One of the big issues is the lack of impetus from the government to go hard on the support levers. That needs to change, or Chinese equity markets will find sellers into strength and ultimately trend weaker. A bazooka-type stimulus is certainly not on the cards, but a coherent, coordinated, and structured stimulus is possible and progressively demanded by the market.  


Today’s July high-frequency economic data showcases why the market lacks any conviction to buy anything China-related. Industrial production slowed to a 3.7% annualised run rate (from 4.3%) and missed consensus expectations by 60bp. Retail sales grew a meagre 2.5% (vs 4% eyed) and this seems the data point to view going forward, given we heard today from Cai Fang (a policy maker at the PBoC), detailing that the top priority now is to stimulate household consumption. 

The incentive for a reversal in demand needs to happen; the sooner the better. 

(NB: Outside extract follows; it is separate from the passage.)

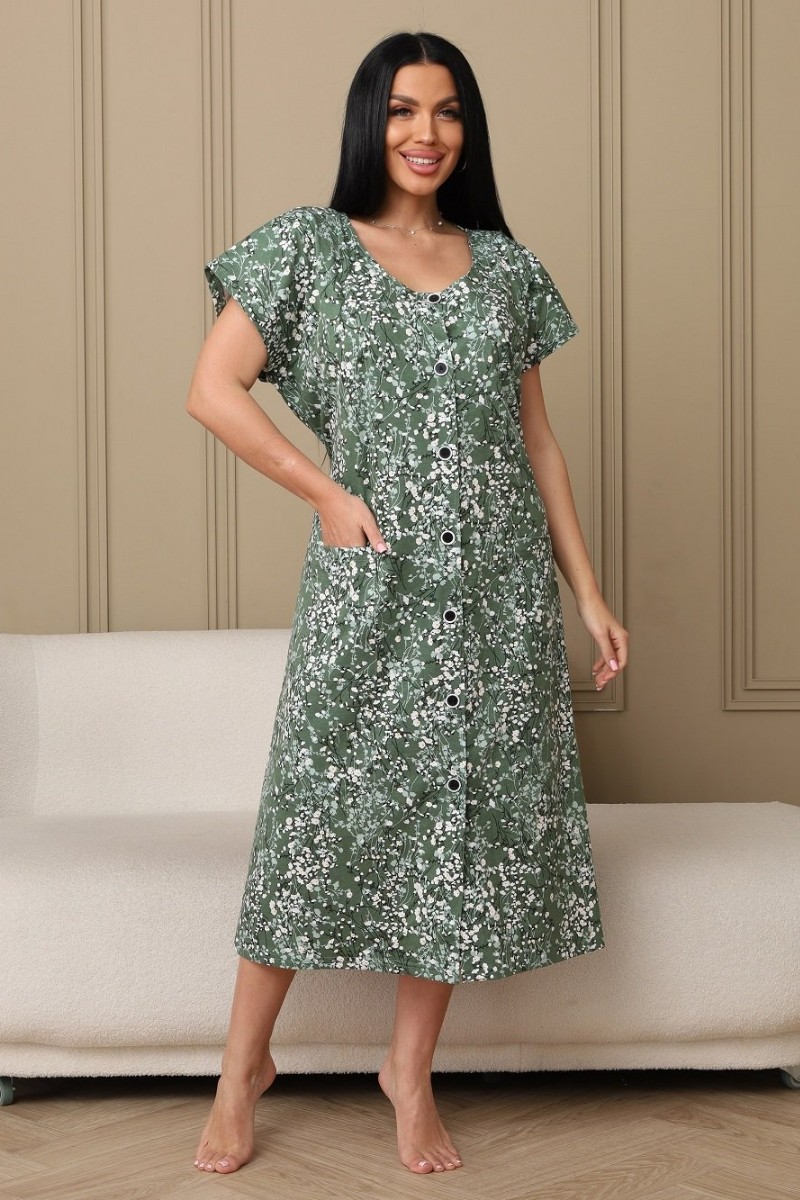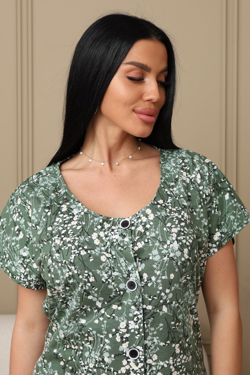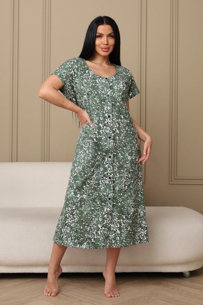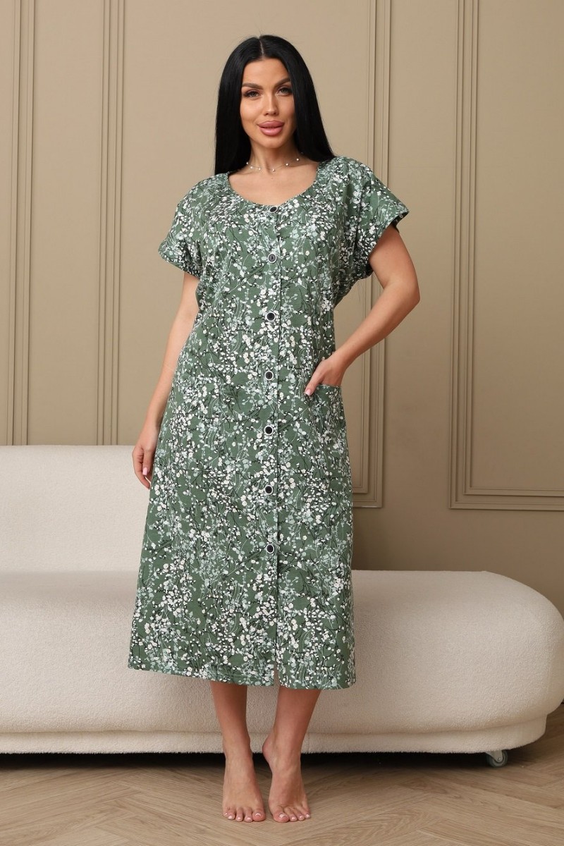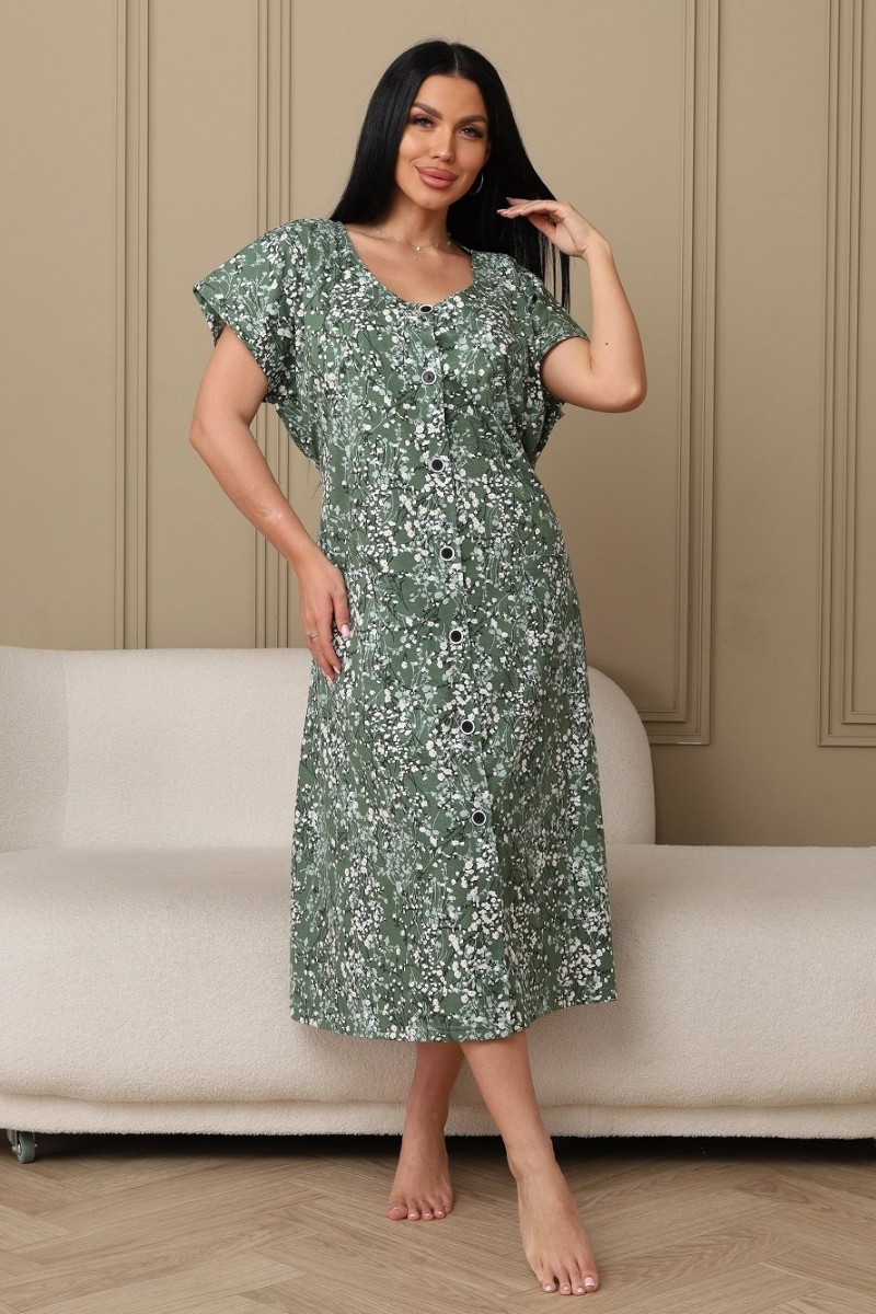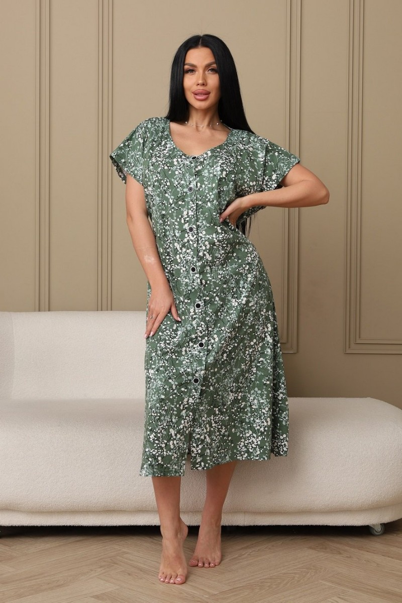 Халат женский 001 кулирка (р-ры: 54-70) зеленый-полянка

July property and residential sales were woeful (vs expectations) and again feeds into the need to do more on the property front. 

The silver lining?

Media reports are doing the rounds that Country Garden is liaising with bondholders to extend repayments on a bond maturing 2 Sept by 36 months. We’ll see if can result in a lift in Country Garden’s offshore bonds, many of which are trading at 7 or 8 cents in the USD. The equity market will watch credit markets, as this pricing suggest a default is a done deal.

The PBoC are not waiting

We may be waiting for the fiscal measures to impact but the PBoC is not hesitating on the monetary policy side – on the day, we’ve seen a 15bp cut to the 1yr MLF (Medium Lending Facility) to 2.5%, as well as a 10bp cut to the 7-day repo rate to 1.8% - neither were expected today. Granted, the consensus view was that we’d see policy easing through Q3, but the PBoC has taken the decision to not hang about. 

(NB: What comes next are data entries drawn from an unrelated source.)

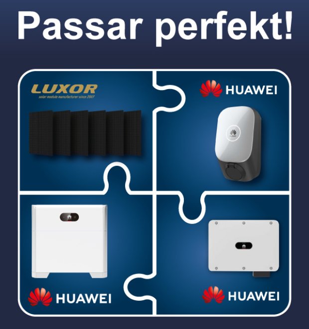 Länk: Produktdatablad / Länk: Produktwebbsida - Drömteamet för effektiv lagring av solel är kombinationen av Huawei SUN2000-10KTL-M1 - 13,5 A och solelbatteriet Huawei LUNA2000-5-S0 (5 kWh). Den högeffektiva trefas- växelriktaren har en maximal verkningsgrad på 98,6% och kan leverera en full AC-effekt på 10 kW samt ladda batteriet med 10 kW. Högvoltbatteriet som bygger på litium-järnfosfat-celler kan tack vara sin modulära designen utökas från 5 till 30 kWh när som helst.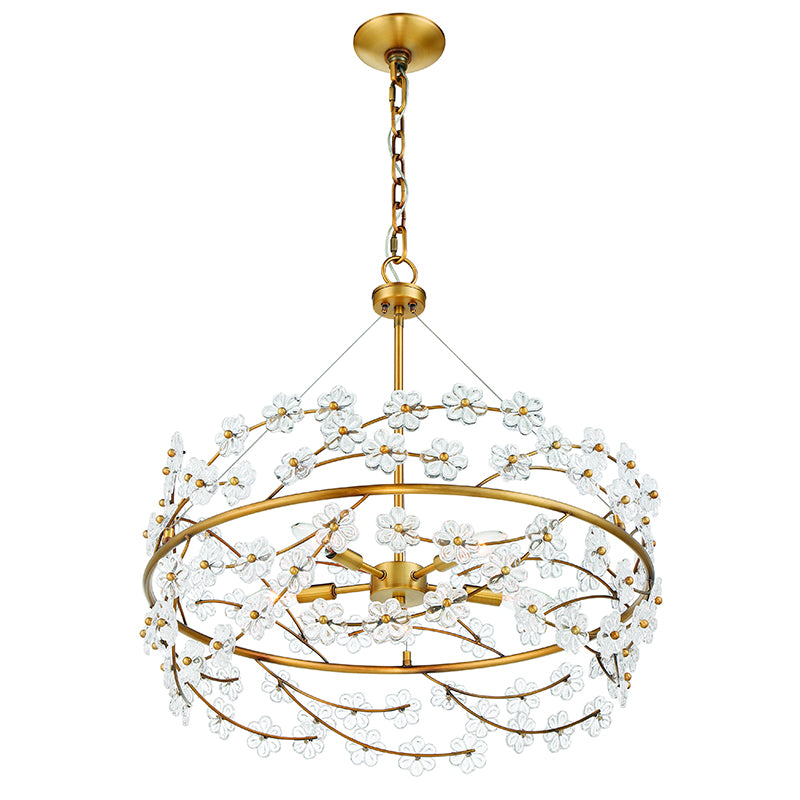 Treat your home to a bouquet of flowers with the Savoy House Camille 5-light chandelier. Sprigs of clear glass flowers burst forth from the central ring, which is finished in warm brass.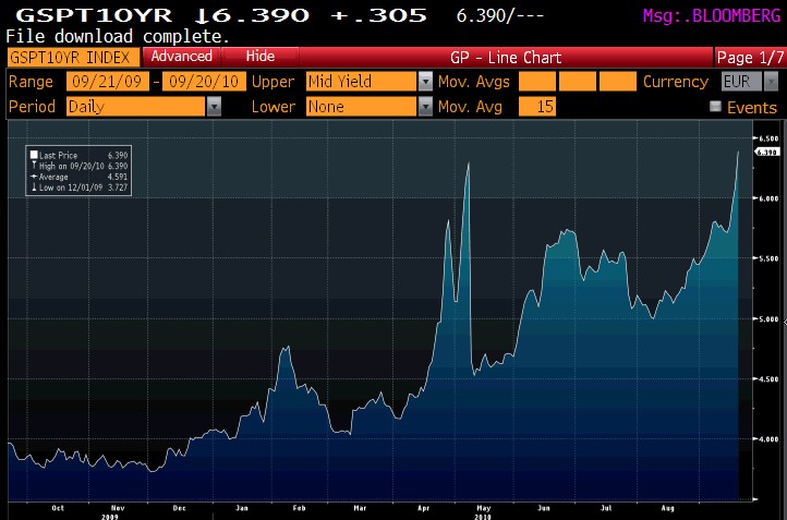 En el siguiente gráfico se observa cómo ambos países están siguiendo la senda de Grecia, cuya quiebra fue evitada por el momento gracias a un rescate de 110.000 millones de euros por parte del la UE y el FMI.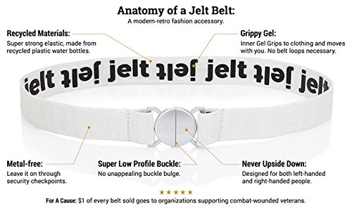 • Every Jelt belt is constructed from 100% recycled polyester elastic yarn that was made from recycled water bottles. The Jelt features a non-slip inner gel material that firmly grips to pants, keeping the belt in place without the need for any metal buckles or notches. • The Jelt is designed with a flat, metal-free interlocking plastic no-show buckle made from 100% nylon designed to avoid the unappealing look of a buckle bulge. This belt can be worn with or without belt loops. • Jelt belt width is 1.12" • This light-weight product weighs just 2oz • To clean, hand wash with water and gentle cleanser. • Jelt is proud to be certified as a Woman Owned Business on Amazon.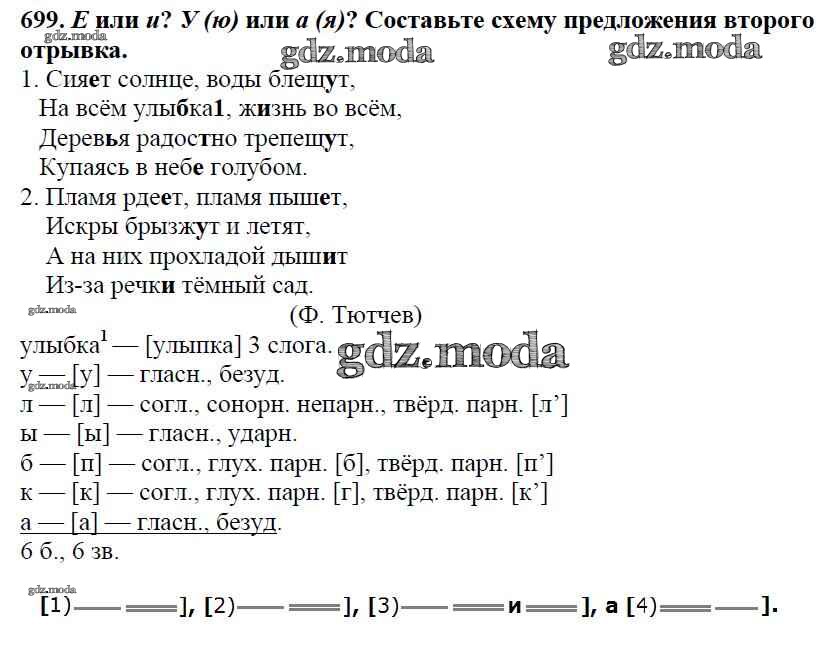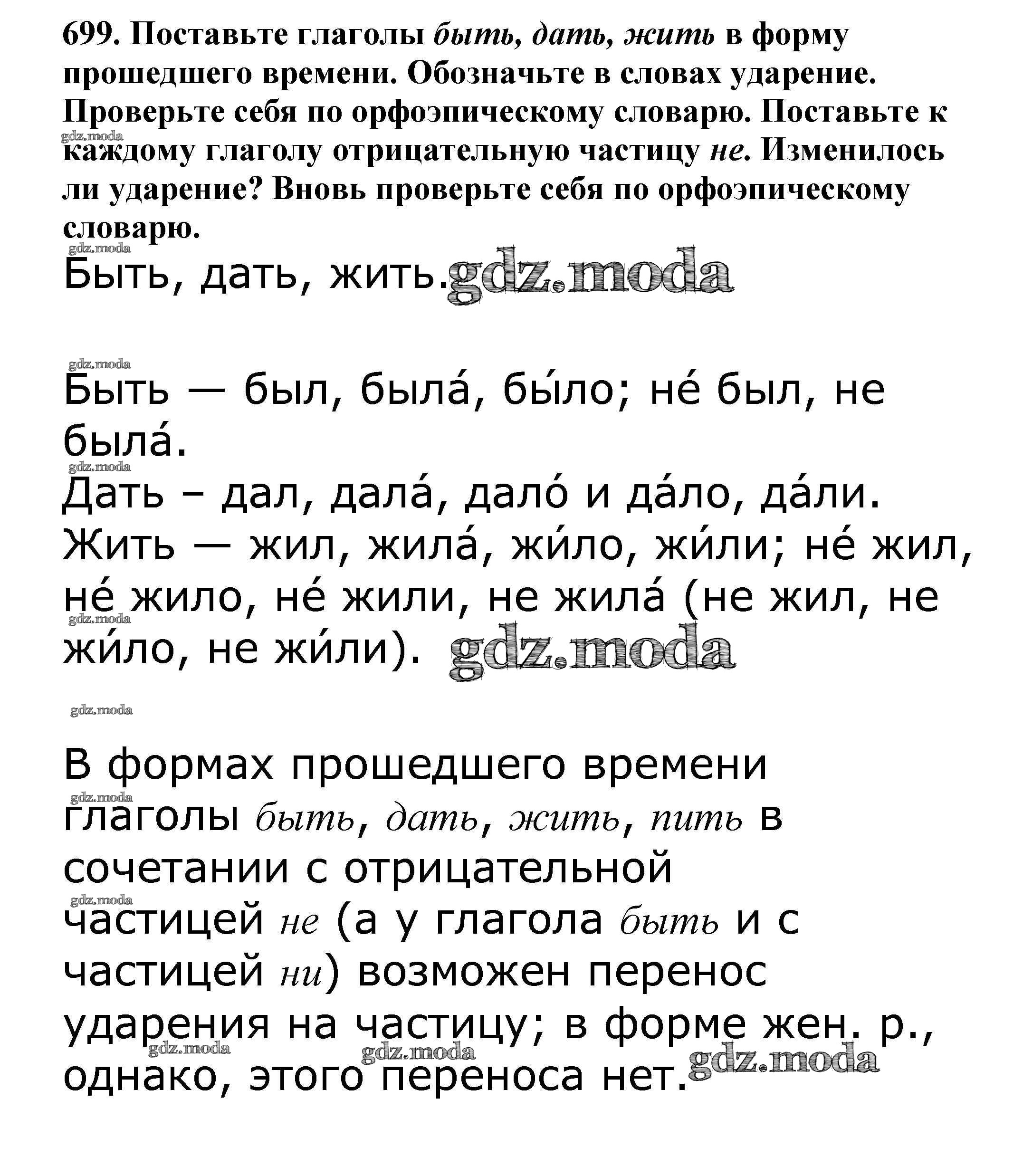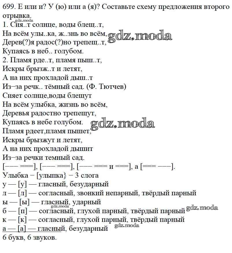 ОТВЕТ на задание № 699 Учебник по Русскому языку 5 класс Баранов

USDCNH has rallied to 7.3120 and despite the PBoC’s best efforts to limit the upside with a CNY ‘fixing’ 671p stronger than market estimates, few in the market are selling USDCNH. The market are desensitised to the daily CNY fixing (each day at 11:15 AEST) and have come to the view that if the PBoC really meant business in its quest to drive the yuan higher they could run down part of its $3.2t. I am happy to stay long this cross. 

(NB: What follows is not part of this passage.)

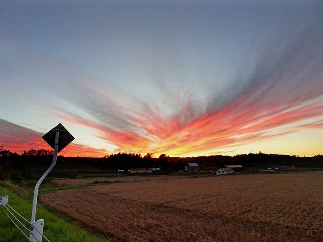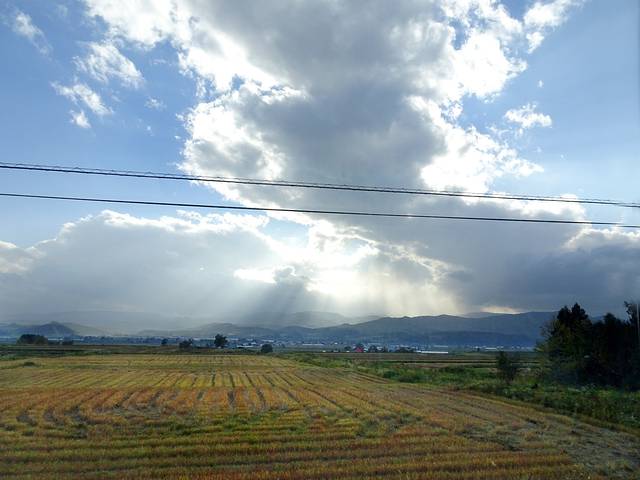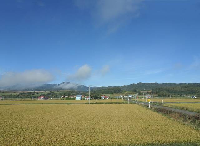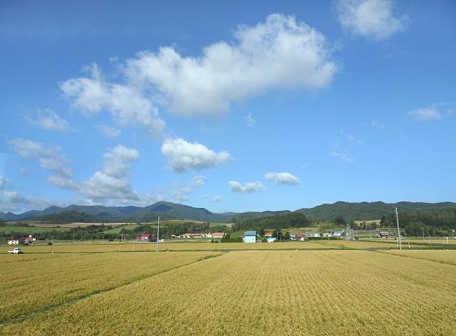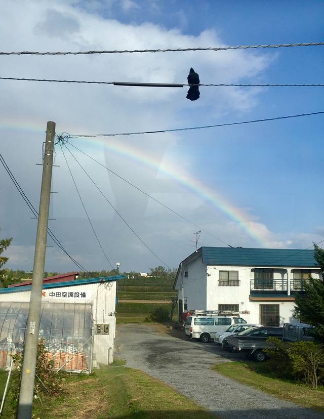 不得不说,其实从下了飞机,我就被这里美好的田园风景迷住了,虽然心情还是比较沉重的,但是从旭川机场到旭川站的路上,一路真的是美好的田园风光,之前下过一阵雨,我们到达时候出了太阳,我看到了在北海道的第一条彩虹,不知道大家看过没有新海诚的动画,他的动画里面的自然风景非常清新美丽,特别让我印象深刻的是些雨过天晴,被阳光照射后呈现粉色的云朵,简直就是二次元到了三次元好么!可惜当时没有相机可以拍。。。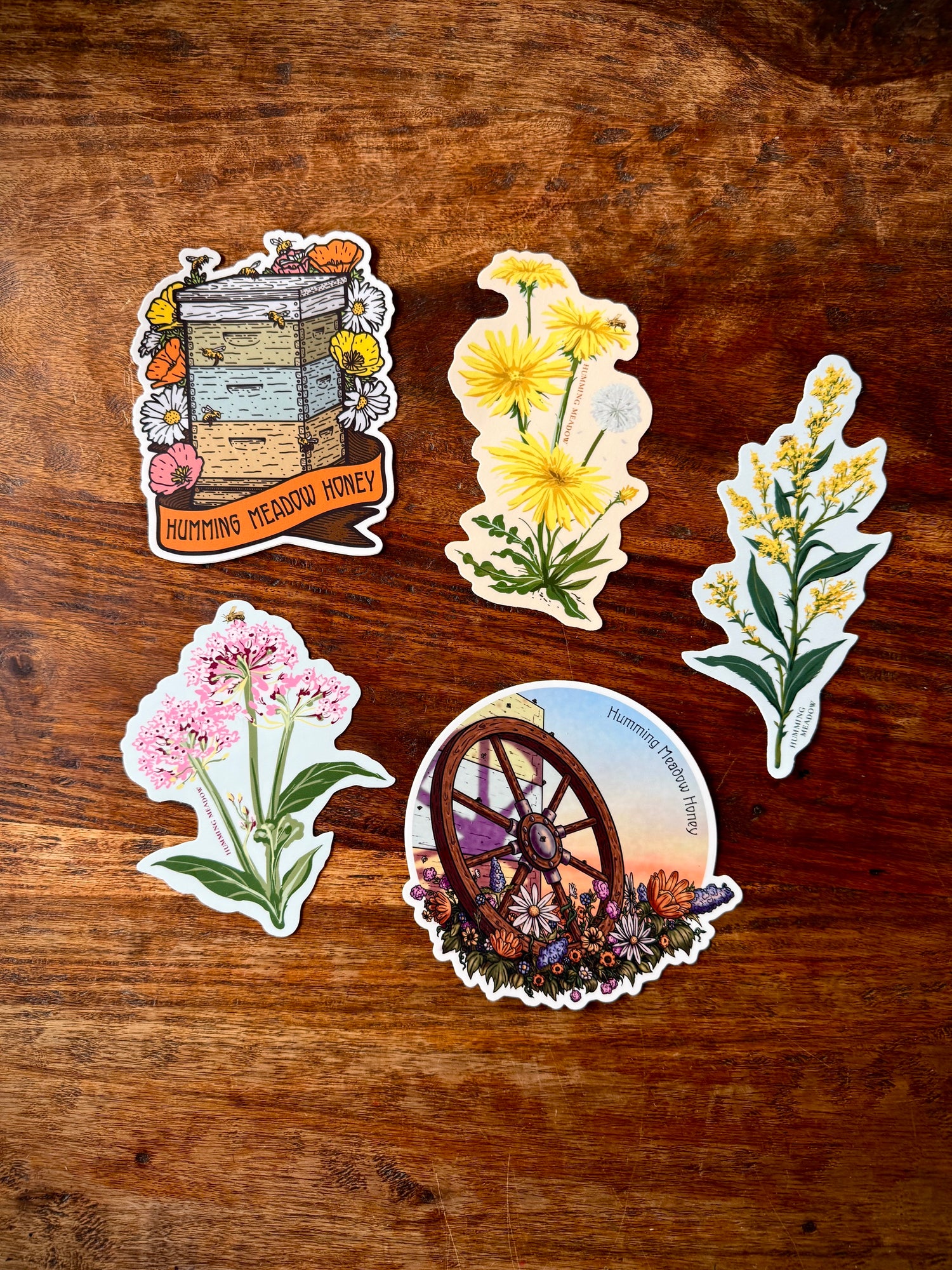 Every purchase from Humming Meadow Honey includes a large, five-inch sticker tucked inside. It might feature the wildflowers that grow through our meadow, a beehive rendered in our familiar hive colors, or another small piece of the place these jars come from.

We’re also seeing solid outflows from China in HK through the Northbound ‘connect’ and this has been a consistent theme for the past six trading sessions – it's little wonder USDCNH is rallying as capital moves offshore. 

Chinese equity isn’t buying into the monetary policy easing and we see a heavy tape. Fiscal is the main game in town and the market wants headlines to work with, right now. The governments call to stop publishing youth unemployment numbers today, is also weighing on international capital, as transparency concerns resonate. For index traders headlines matter – when they come, we look at signal vs noise… keep your eyes peeled.